Why Treasury Yields Are Rising and the Dollar Is Crashing

From the end of February to last Friday it rose by more than 10%. When the yield of a fixed income bond rises it means that its market value falls proportionally, because if I want to sell a bond that yields less than what can be obtained at that moment on the market I have to settle for a value lower than the one at which I bought it. And vice versa: between yield and value it is impossible to say which is the chicken and which is the egg. The fact is that in the last three months there has been a tendency throughout the world to to dispose of long-term US federal government bonds and this has determined a loss of value, hence an overheating of performance. Simultaneously, and perhaps consequently, the dollar has depreciated on the foreign exchange markets.

This dual phenomenon is peculiar. US long-term bonds have always been the “paradise sure” for savers around the world, those who desire security much more than immediate profit. A security that comes from the fact that the United States has been considered the hegemonic country since the end of the Second World War: the far greater nuclear power, the most efficient and dynamic economy whose currency stands out in the reserves of all central banks, the most stable democracy, even the center of creation and diffusion of the dominant popular culture (film, television, music, comics). The great American umbrella has covered everyone, has made everyone prosper, it is natural that those who have a fortune to protect invest at least a part of it in government bonds of that country with the longest possible duration, and therefore ask for dollars in exchange for their own currency.

Dollar in crisis and confidence in decline: the Trump effect

Since the new president of the United States of America took office, Donald Trump, at the beginning of this year, the spell seems to have been tarnished. Around the world, the doubt may be creeping in that the United States can no longer, also because it does not want to, play the role of protective power, including economic and financial, that it has exercised up to now. Is it all Trump's fault? Not entirely, but a lot of it, yes.
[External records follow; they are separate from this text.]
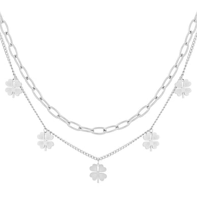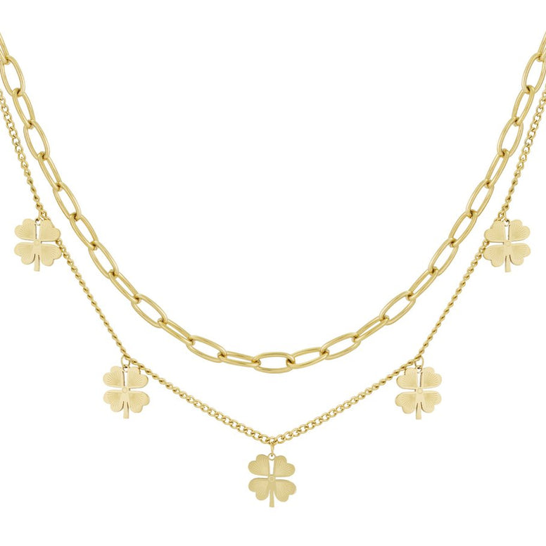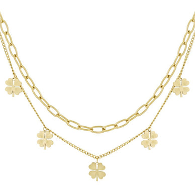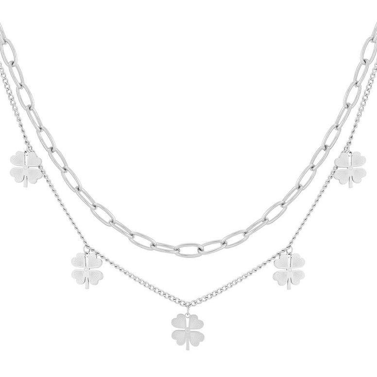 Un gioiello che racchiude l’energia della natura e il simbolo universale della fortuna. Questa collana a doppio filo unisce la delicatezza di una catena sottile a maglie con la forza di una catena grumetta, arricchita da charm a forma di quadrifoglio.
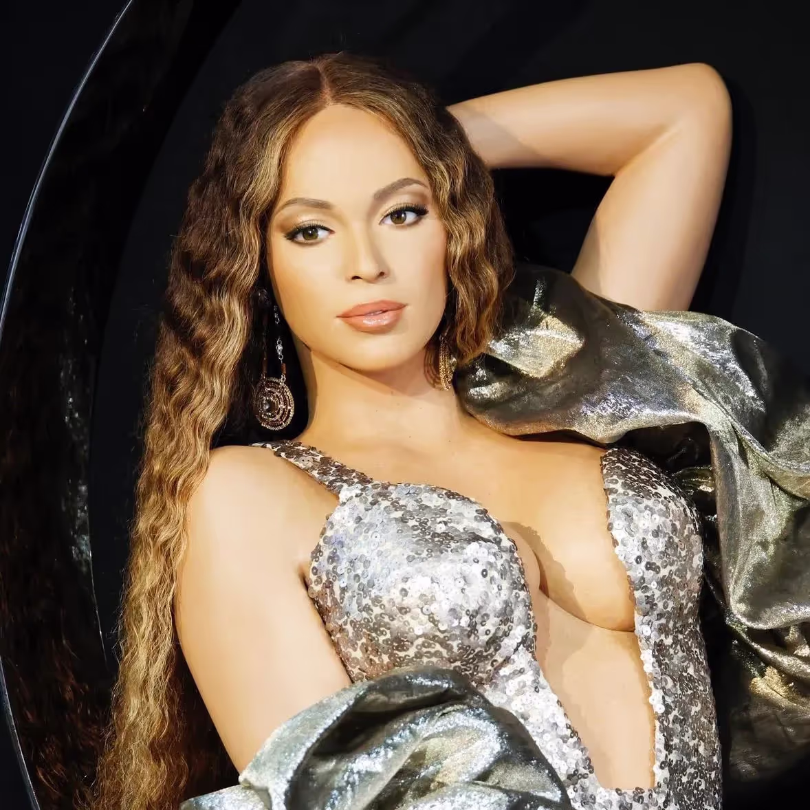 The wax figure is dressed in a sparkling, low-cut silver bodysuit, paired with rhinestone-encrusted fishnet tights and a silver shawl draped over its arms. This outfit appears inspired by the metallic looks Beyoncé has worn during her Renaissance tour. The figure’s long brown wig is styled in a classic crimped look, and the makeup features a smoky eye.
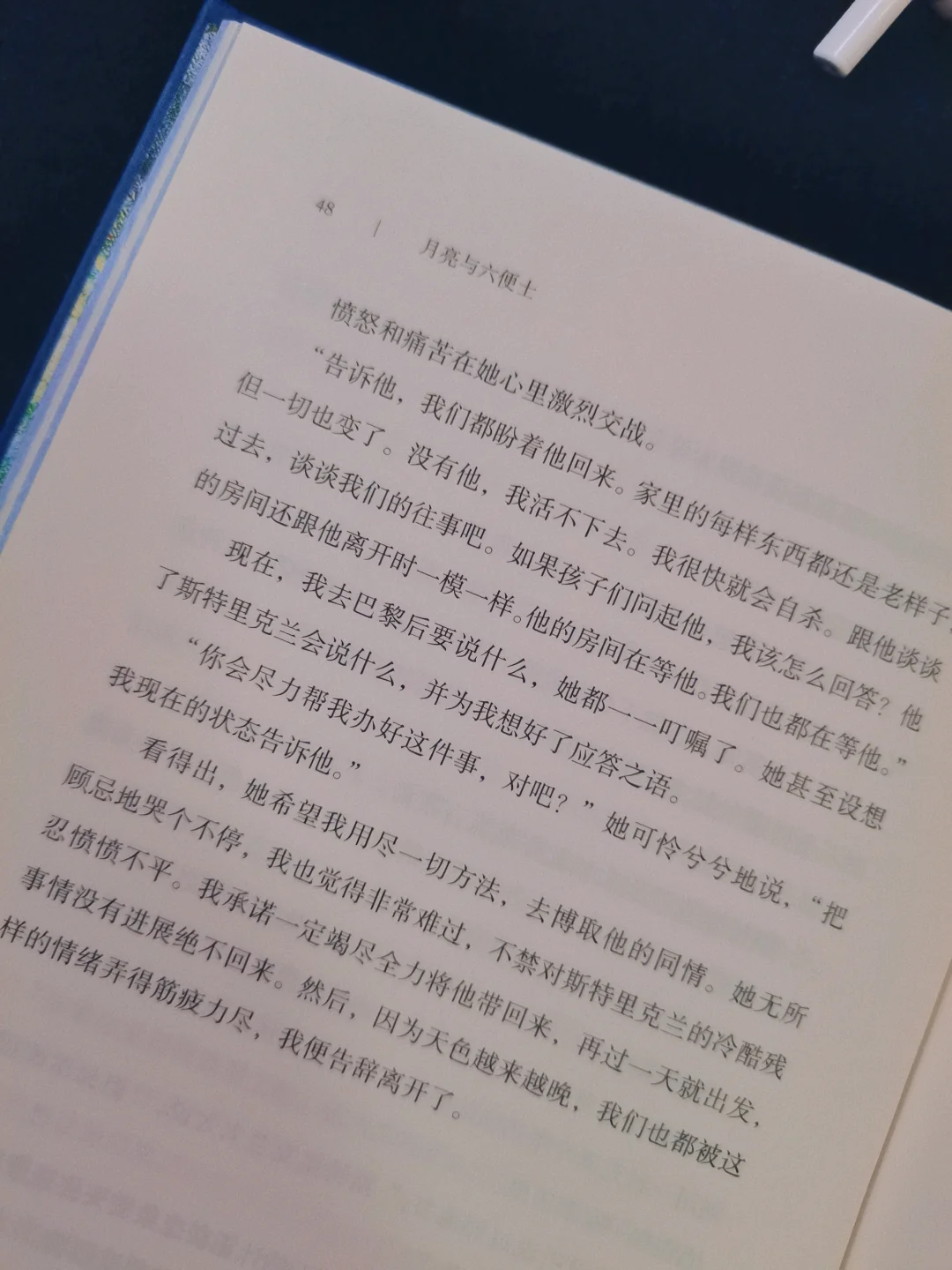 一个40岁的中年男人,明明有着事业和家庭,却突然抛下一切去追逐梦想。换在以前的我会觉得这样的男人是自私、是不负责、是失败者。而现在重读《月亮与六便士》后,才明白那句“我必须画画,就像溺水的人必须挣扎”是不甘平庸的反击。
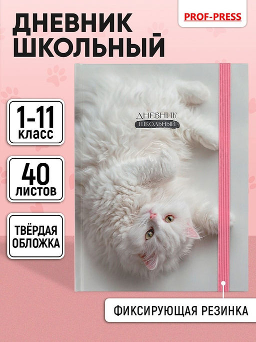 Дневник тв. об., 1-11 кл. "Нежный котик -2" (Д40-9436, Prof-Press) матовая ламинация, выб. лак, на резинке
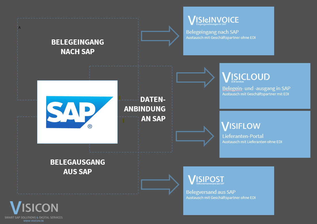 EDI ist das englische Kürzel für Electronic Data Interchange, oder auf Deutsch: Elektronischer Datenaustausch. Damit ist auch die Kernfunktion erklärt. A tauscht Daten mit B aus – kein Postweg, keine E-Mail keine nachträgliche Interpretation von Daten. Alles ist vom System lesbar und kann direkt verarbeitet werden. Vorausgesetzt A und B nutzen EDI. Große Unternehmen sind zum größten Teil EDI-fähig. Sollte man jedoch zum Beispiel einen hohen Austausch mit nicht EDI-fähigen Lieferanten, Kunden und Speditionen haben, kann man diesen mit digitalen Portalen, wie VISIflow, auch eine zusätzliche Plattform zur Dateneingabe bieten. Die dort getätigten Eingaben sind maschinenlesbar und werden anschließend automatisch in Ihr ERP System übertragen.
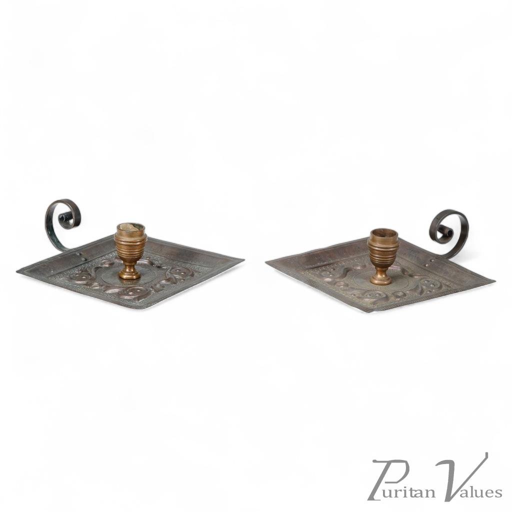 A pair of Arts and Crafts copper night candle holders, with hand formed floral decoration to the square bases, and extended scrollwork handles. Both stamped with the Benham and Froud makers mark to the underside of the scroll work handles.
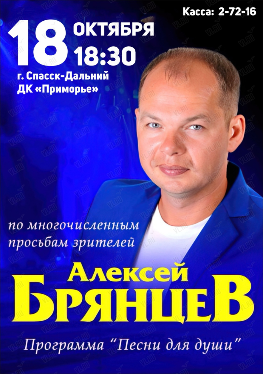 18 октября на сцене ДК "Приморье" пройдет сольный концерт Алексея Брянцева.
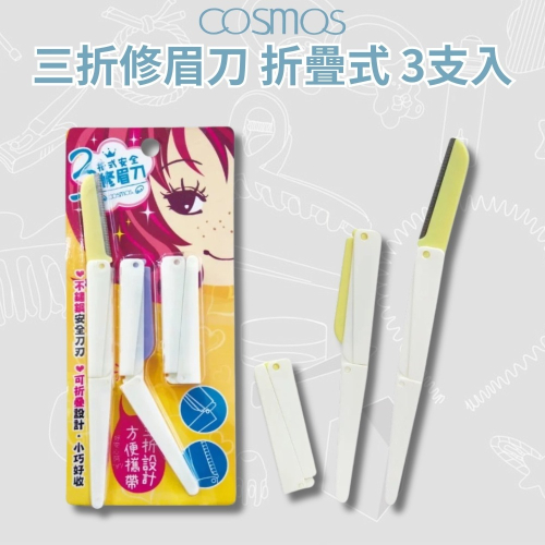 ★開發票 cosmos 三折修眉刀 折疊式 3支入 (R38111)
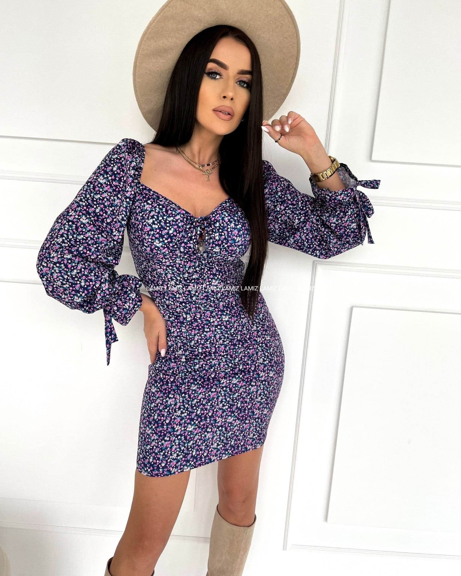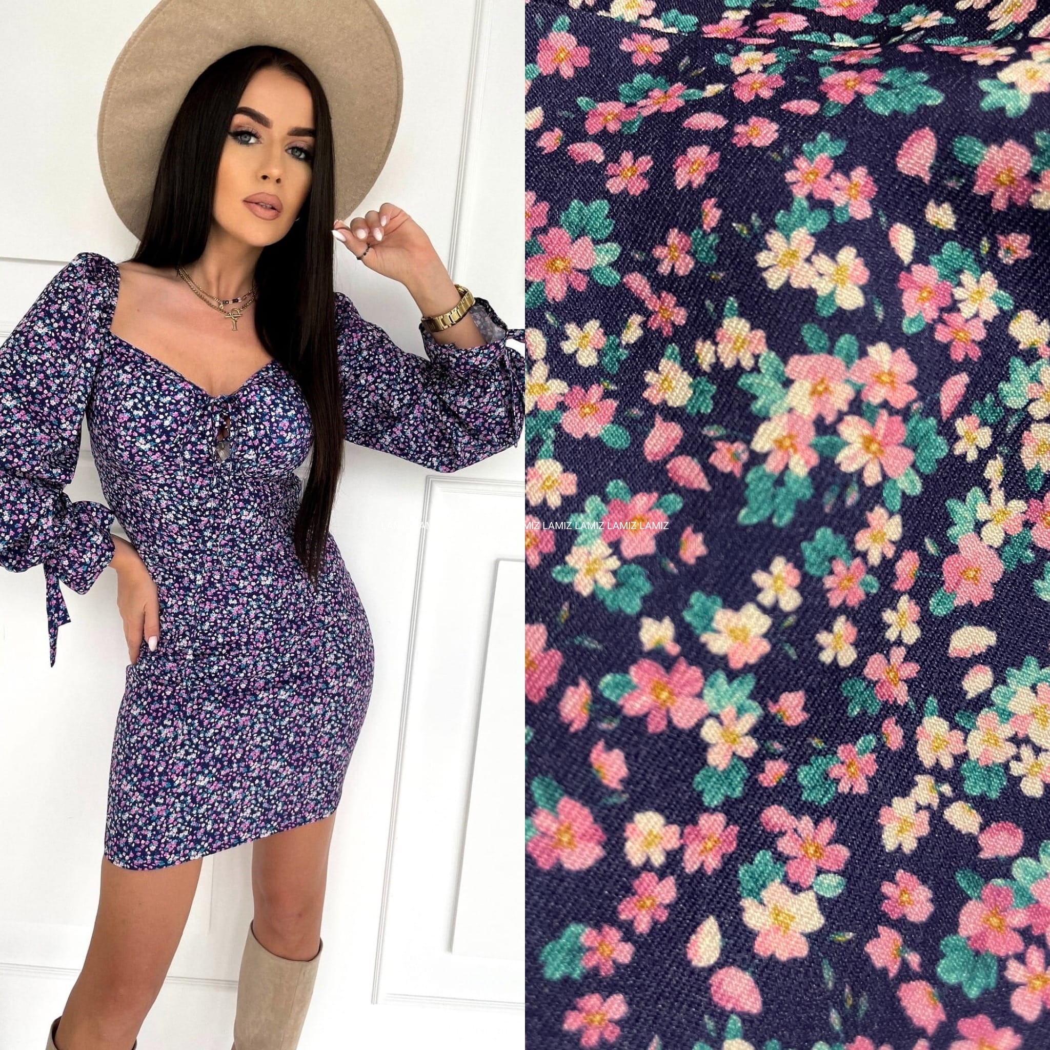 Dopasowana sukienka w kwiaty. Zapinana z boku na zamek. Produkt uszyty w Polsce

Not entirely, because the loss of luster of American power began at least twenty years ago, with the eruption and affirmation on the world geo-economic scene of other large countries, first and foremost China. A lot, yes, because the Trump administration has blown up the problem, sharply accelerating in three months trends that would otherwise have continued for thirty years. It has dealt tremendous blows to the international system of economic and political cooperation, to the internal legal and political order, even to that pillar of American greatness that for over a century have been its universities. Above all, it has sown uncertainty e confusion, showing the world how the all-powerful America has fallen prey to a handful of unlikely characters of little competence and dubious morality, who utter contradictory cries and counterproductive proclamations.

In this climate, it is no wonder that the dollar is slipping. It will continue to do so until the political and institutional system of that great country finds a way to restore its government to coherence and credibility.